> _What to work on_: Without the pictures, reproduce the records that follow exactly.

|---|

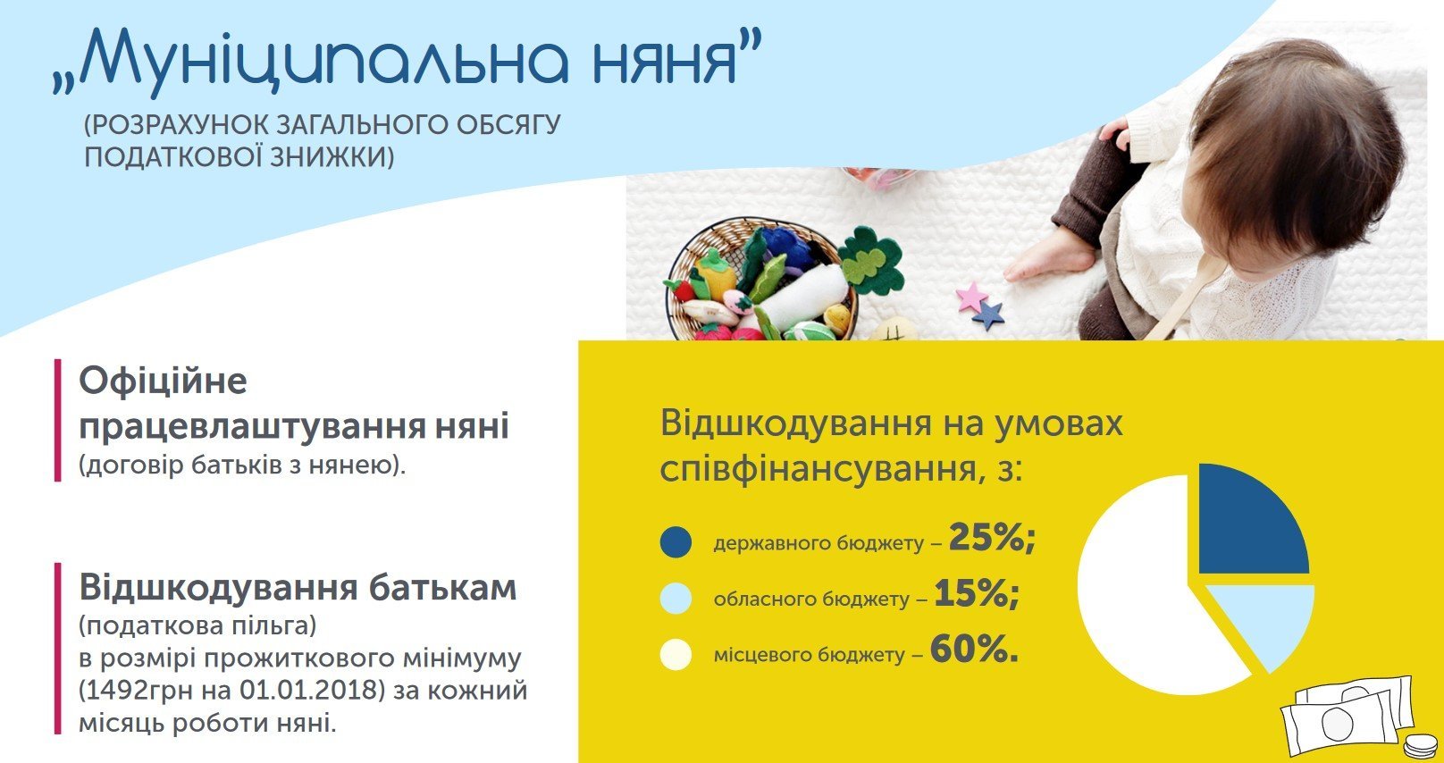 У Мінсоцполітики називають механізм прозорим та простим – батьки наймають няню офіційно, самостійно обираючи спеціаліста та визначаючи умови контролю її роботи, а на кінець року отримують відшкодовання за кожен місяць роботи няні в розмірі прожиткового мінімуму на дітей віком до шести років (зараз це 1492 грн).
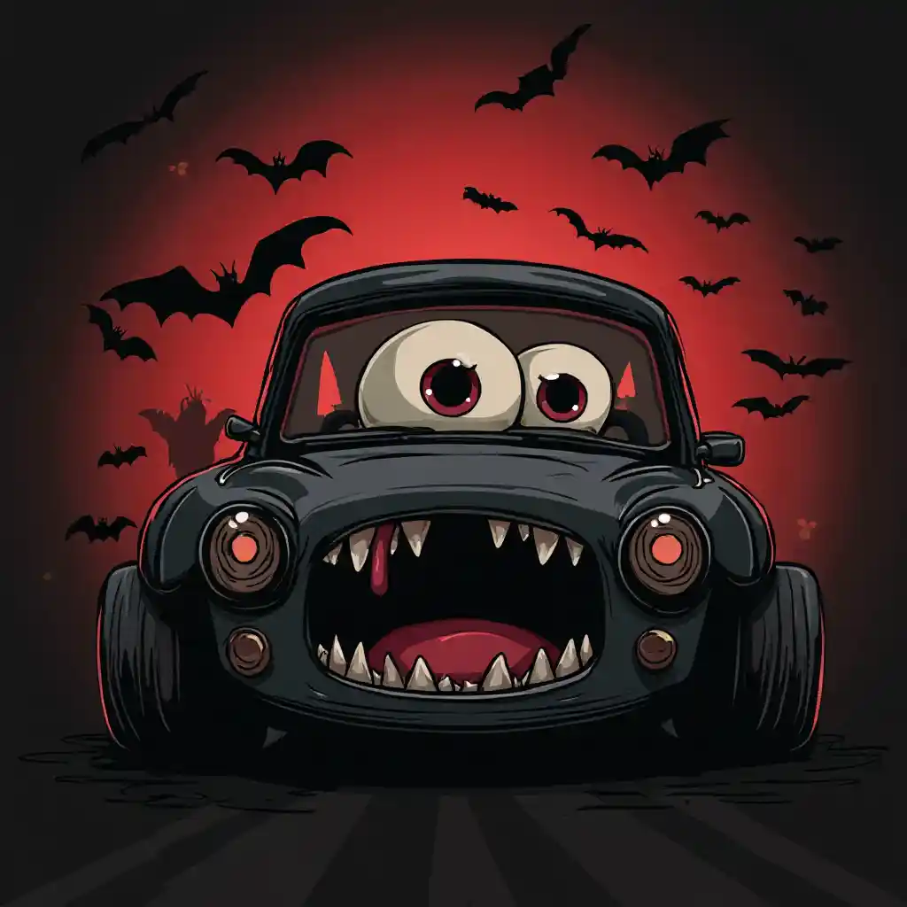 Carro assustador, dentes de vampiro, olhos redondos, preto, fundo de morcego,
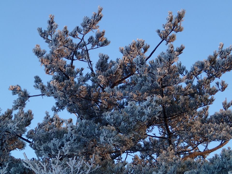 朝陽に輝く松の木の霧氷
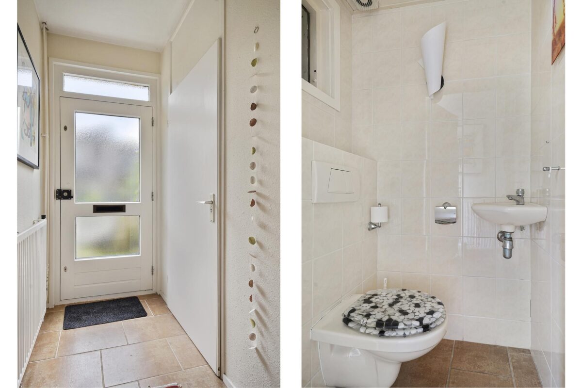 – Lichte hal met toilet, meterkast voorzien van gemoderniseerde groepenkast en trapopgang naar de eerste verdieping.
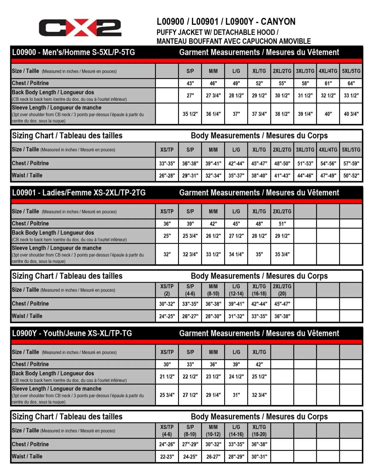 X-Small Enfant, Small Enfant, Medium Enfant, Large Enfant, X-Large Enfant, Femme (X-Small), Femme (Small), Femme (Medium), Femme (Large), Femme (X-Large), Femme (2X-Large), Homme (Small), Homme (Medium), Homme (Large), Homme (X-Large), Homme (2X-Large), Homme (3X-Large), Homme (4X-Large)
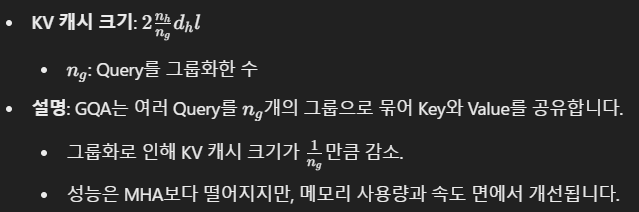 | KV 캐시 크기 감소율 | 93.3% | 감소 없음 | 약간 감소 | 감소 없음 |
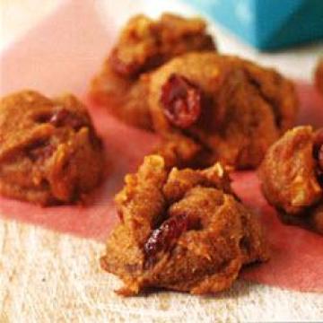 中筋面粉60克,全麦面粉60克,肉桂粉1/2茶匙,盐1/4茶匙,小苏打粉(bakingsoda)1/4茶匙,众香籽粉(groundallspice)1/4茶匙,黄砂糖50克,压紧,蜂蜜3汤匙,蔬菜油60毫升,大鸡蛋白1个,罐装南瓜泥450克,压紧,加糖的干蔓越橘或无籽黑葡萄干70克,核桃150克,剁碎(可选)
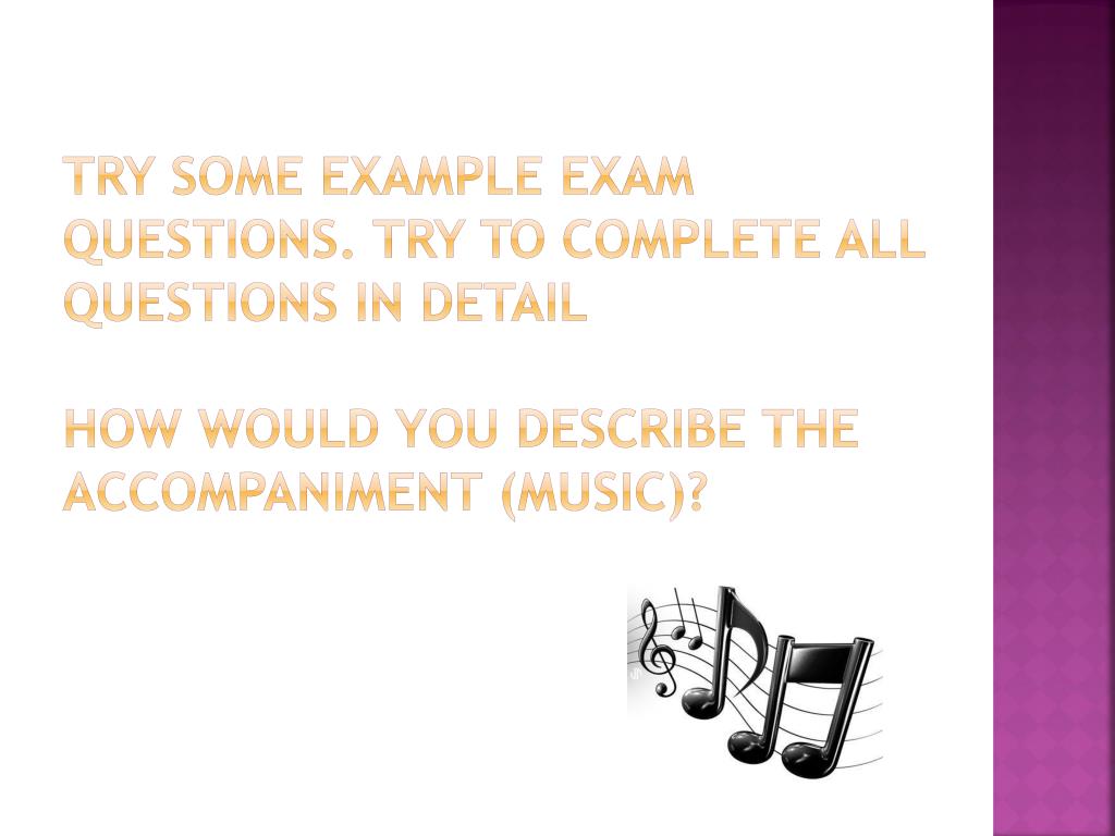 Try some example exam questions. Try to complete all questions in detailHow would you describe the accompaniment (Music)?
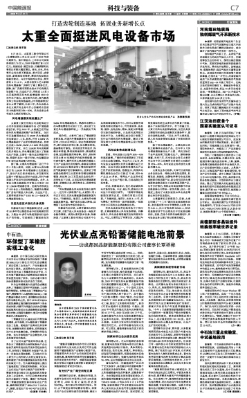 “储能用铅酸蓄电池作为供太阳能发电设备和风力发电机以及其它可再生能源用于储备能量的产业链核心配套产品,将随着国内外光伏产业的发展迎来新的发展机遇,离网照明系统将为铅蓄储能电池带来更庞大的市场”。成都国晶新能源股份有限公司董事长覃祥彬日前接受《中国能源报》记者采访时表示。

|---|

> _Expected answer_:
 У Мінсоцполітики називають механізм прозорим та простим – батьки наймають няню офіційно, самостійно обираючи спеціаліста та визначаючи умови контролю її роботи, а на кінець року отримують відшкодовання за кожен місяць роботи няні в розмірі прожиткового мінімуму на дітей віком до шести років (зараз це 1492 грн).
 Carro assustador, dentes de vampiro, olhos redondos, preto, fundo de morcego,
 朝陽に輝く松の木の霧氷
 – Lichte hal met toilet, meterkast voorzien van gemoderniseerde groepenkast en trapopgang naar de eerste verdieping.
 X-Small Enfant, Small Enfant, Medium Enfant, Large Enfant, X-Large Enfant, Femme (X-Small), Femme (Small), Femme (Medium), Femme (Large), Femme (X-Large), Femme (2X-Large), Homme (Small), Homme (Medium), Homme (Large), Homme (X-Large), Homme (2X-Large), Homme (3X-Large), Homme (4X-Large)
 | KV 캐시 크기 감소율 | 93.3% | 감소 없음 | 약간 감소 | 감소 없음 |
 中筋面粉60克,全麦面粉60克,肉桂粉1/2茶匙,盐1/4茶匙,小苏打粉(bakingsoda)1/4茶匙,众香籽粉(groundallspice)1/4茶匙,黄砂糖50克,压紧,蜂蜜3汤匙,蔬菜油60毫升,大鸡蛋白1个,罐装南瓜泥450克,压紧,加糖的干蔓越橘或无籽黑葡萄干70克,核桃150克,剁碎(可选)
 Try some example exam questions. Try to complete all questions in detailHow would you describe the accompaniment (Music)?
 “储能用铅酸蓄电池作为供太阳能发电设备和风力发电机以及其它可再生能源用于储备能量的产业链核心配套产品,将随着国内外光伏产业的发展迎来新的发展机遇,离网照明系统将为铅蓄储能电池带来更庞大的市场”。成都国晶新能源股份有限公司董事长覃祥彬日前接受《中国能源报》记者采访时表示。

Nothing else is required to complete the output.